We are about to downsize, but still need a mortgage to cover the purchase price. Total mortgage facility is approx 20% of purchase price, though we actually only need half of the mortgage amount to secure the purchase. The rest of the facility is to give us a cushion for some of the extra costs, and some new things we will need for the house. All agreed and ok.
The valuation is going to be done soon, and I am a bit anxious that the mortgage co's valuation will be less than the price we are paying. The house itself appears more modest than the price might suggest but it is brand new and has been finished both externally and internally to an exceptionally high standard with many built in additional features which we believe are worth paying a bit more for than your average 4 bed in the area. For instance the heating and hot water systems are state of the art, bills are expected to be really small. Also the glazing that has been used and insulation materials are some of the best available. We did not commission the house, it's a total one off and not part of a development, but know much of the detail of the plans and development.
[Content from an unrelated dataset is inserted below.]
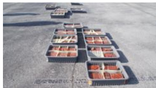
Some of the 8,000+ space tiles to be put out today.

Do mortgage valuers look at these types of things, ie. who the architect/builder were, the awards they have won for these types of ground breaking houses, the fact that it is pretty much an eco house and so on with all these extra features. Or do they just go "this town, this street, 4 bed, average price".
And, if their valuation is lower than our purchase price (which it will be if they take that approach), does that mean the mortgage co can turn us down, despite the fact that Loan to Value ratio is only approx 20%?
The only time I have had a mortgage valuation before, the guy barely drove past the house, didn't go anywhere near it (on his own admission) in coming to his valuation sum.
Tips gratefully received.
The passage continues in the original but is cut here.